#### THE DATA
▬▬▬
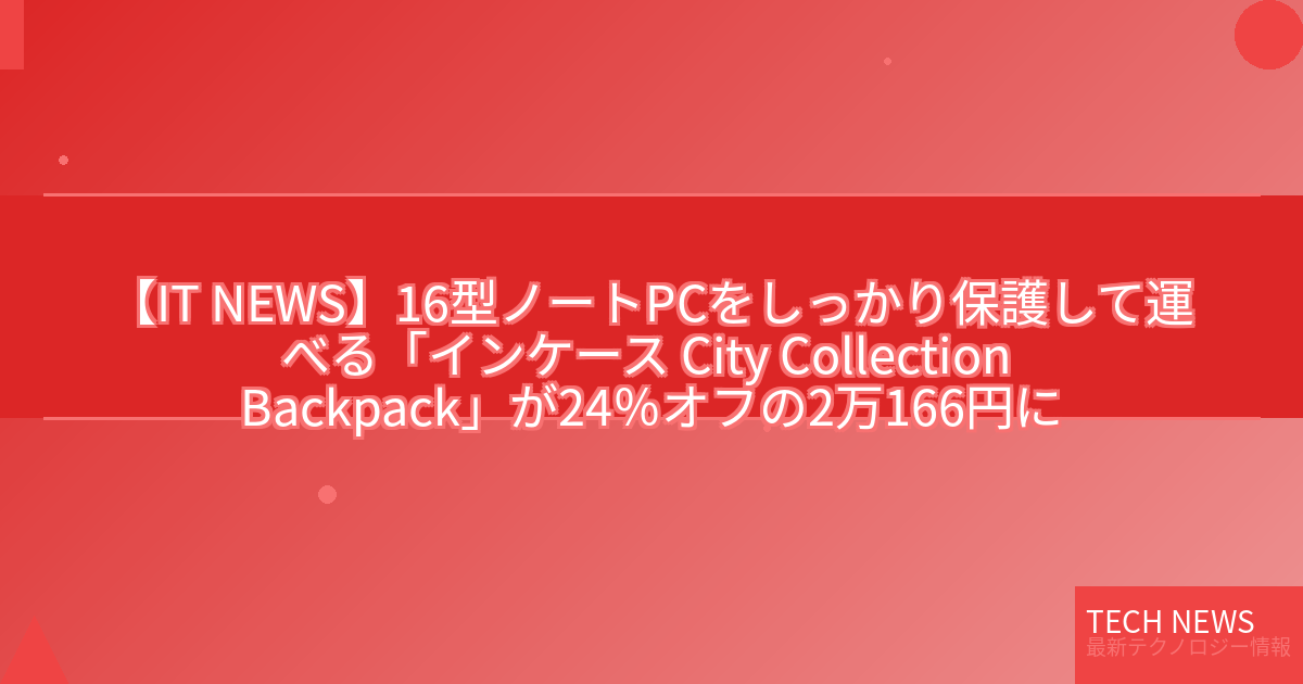 記事タイトル:16型ノートPCをしっかり保護して運べる「インケース City Collection Backpack」が24%オフの2万166円に
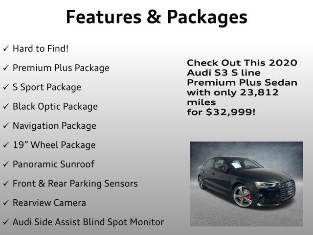 Hard to Find!, Premium Plus Package, S Sport Package, Black Optic Package, Navigation Package, 19 Wheel Package, Panoramic Sunroof, Front & Rear Parking Sensors, Rearview Camera, Audi Side Assist Blind Spot Monitor, Progressive Steering System, Audi Virtual Cockpit, Audi MMI Navigation Plus, Bang & Olufsen Sound System, Apple Carplay & Android Auto, Audi Connect, Bluetooth® w/ Streaming Audio, SiriusXM Radio, Audi Beam - Ring Projection Lights, Audi magnetic ride, S3 2.0T Premium Plus S Line quattro, 4D Sedan, 2.0L 4-Cylinder TFSI, 7-Speed Automatic S tronic, quattro, Mythos Black Metallic, Black w/Rock Gray Stitching w/Leather Seating Surfaces or Fine Nappa Leather Seating Surfaces, Interior Storage Package w/Rear USB Ports.
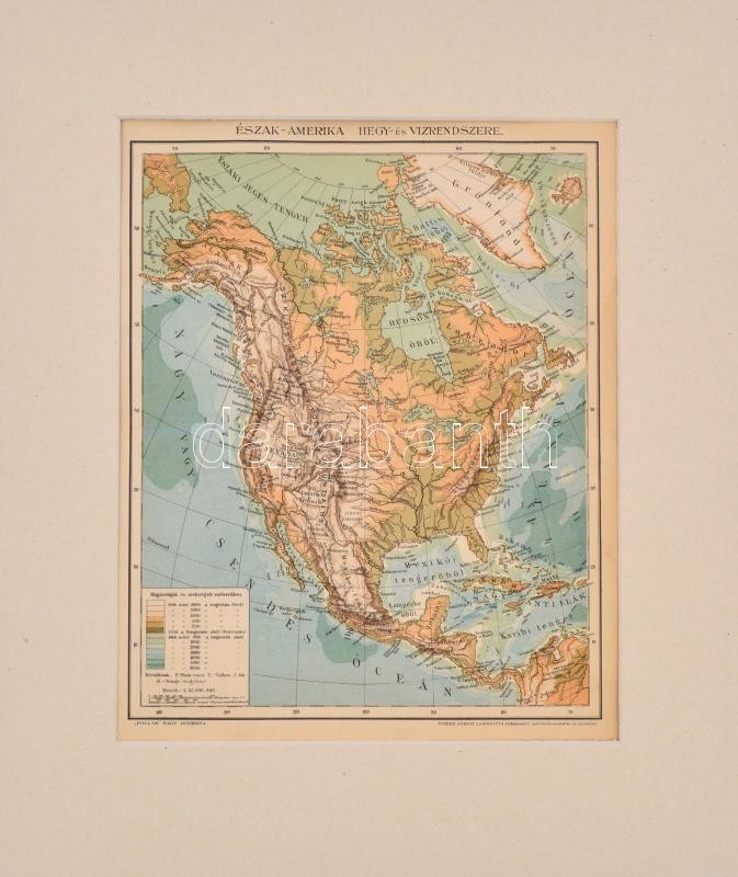 cca 1894 Észak-Amerika hegy- és vízrendszere, térkép, Pallas Nagy Lexikona, 1:35000000, Bp., Posner Károly Lajos és fia, paszpartuban, hajtásnyommal, 28×22,5 cm
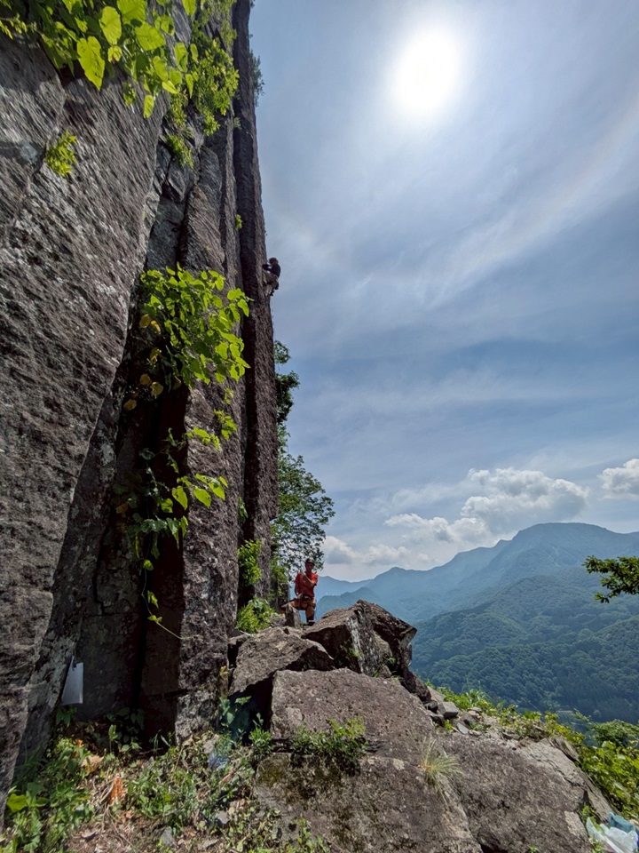 (土田た)今回2回目のクラッククライミングでした。昨年は1日参加でしたが泊まりこみで2日間集中合宿に参加できて良かったです。クライミングの充実度、満足感、疲労感がまるで違います。クライミングに関しての改善点も多々発見できました。特に手ジャムで力み過ぎ。クラック空間でサイズに合ってないジャム手を無理矢理に必要以上に筋肉と骨を膨らませた場面が多かったです。(今も手のダメージが凄いです)クラックの経験を積んで手ジャムの引き出しや力まないサイズ感の見極めを習得していきたいです。それと擬似リード時カムにつけるカラビナも大事だと再確認。冬と違って素手だしBDの極小ビナでもいいだろって思ってましたが、、1秒を争う状況ではロープクリップがけっこうなストレスでした。(ロープクリップが下手な自分としては)クラックはなかなか安全にできる機会が少ないので、毎年企画してくださる吉川さんには感謝です。いつも美味しい食事を用意してくれる羽田さんもありがとうございました!来年は清流ガンジス川でスイカを冷やしておいてスイカ割りしたいです
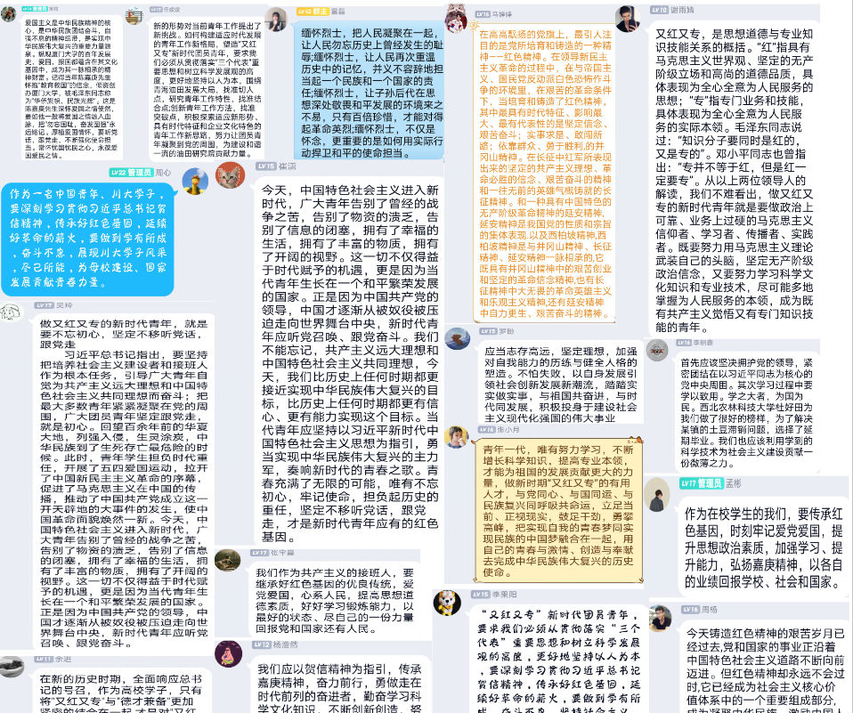 通过本次活动,同学们对“党史”、校史有了更深入的了解,我们作为新时代研究生,要学好科学文化及专业知识,成为又红又专的时代新人,全面响应总书记贺信精神的号召,为全面建设社会主义现代化国家、实现中华民族伟大复兴的中国梦贡献川大人的力量。
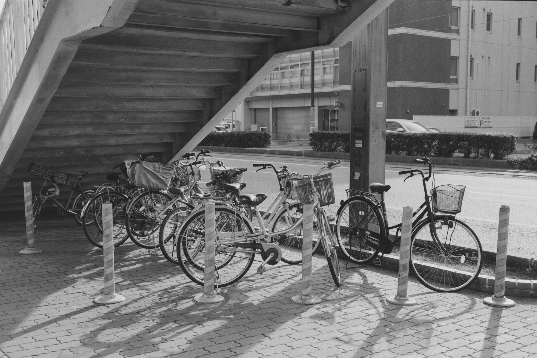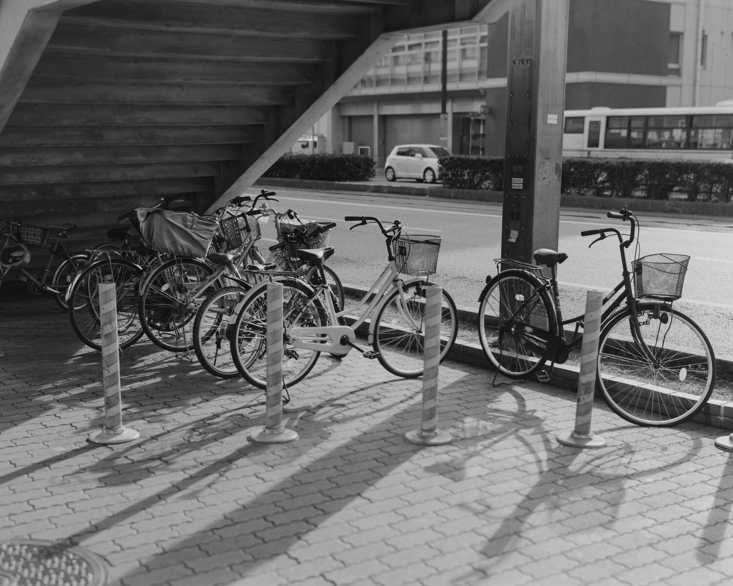 全体像を見た感じだと、大きな差は感じられません。フォーマットこそ小さいですが、焦点距離が短く被写界深度が深くなっているGW690の方が手前のポールなどは綺麗に見えてしまいます。一方で拡大図(画面中央左側の自転車のメーター付近)では、自転車のかごの輪郭などはTOYO45Aの方が優れています。
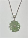 A carved jadeite stone flower with real pearl center, on a sterling silver chain.  Both marked 925.
▬▬▬
#### PROMPT
Produce an exact copy of only those lines that run from the line with "全体像を見た感じだと、大きな" to the final line of the records, including both; exclude images.

#### SOLUTION TO THIS PROBLEM
 全体像を見た感じだと、大きな差は感じられません。フォーマットこそ小さいですが、焦点距離が短く被写界深度が深くなっているGW690の方が手前のポールなどは綺麗に見えてしまいます。一方で拡大図(画面中央左側の自転車のメーター付近)では、自転車のかごの輪郭などはTOYO45Aの方が優れています。
 A carved jadeite stone flower with real pearl center, on a sterling silver chain.  Both marked 925.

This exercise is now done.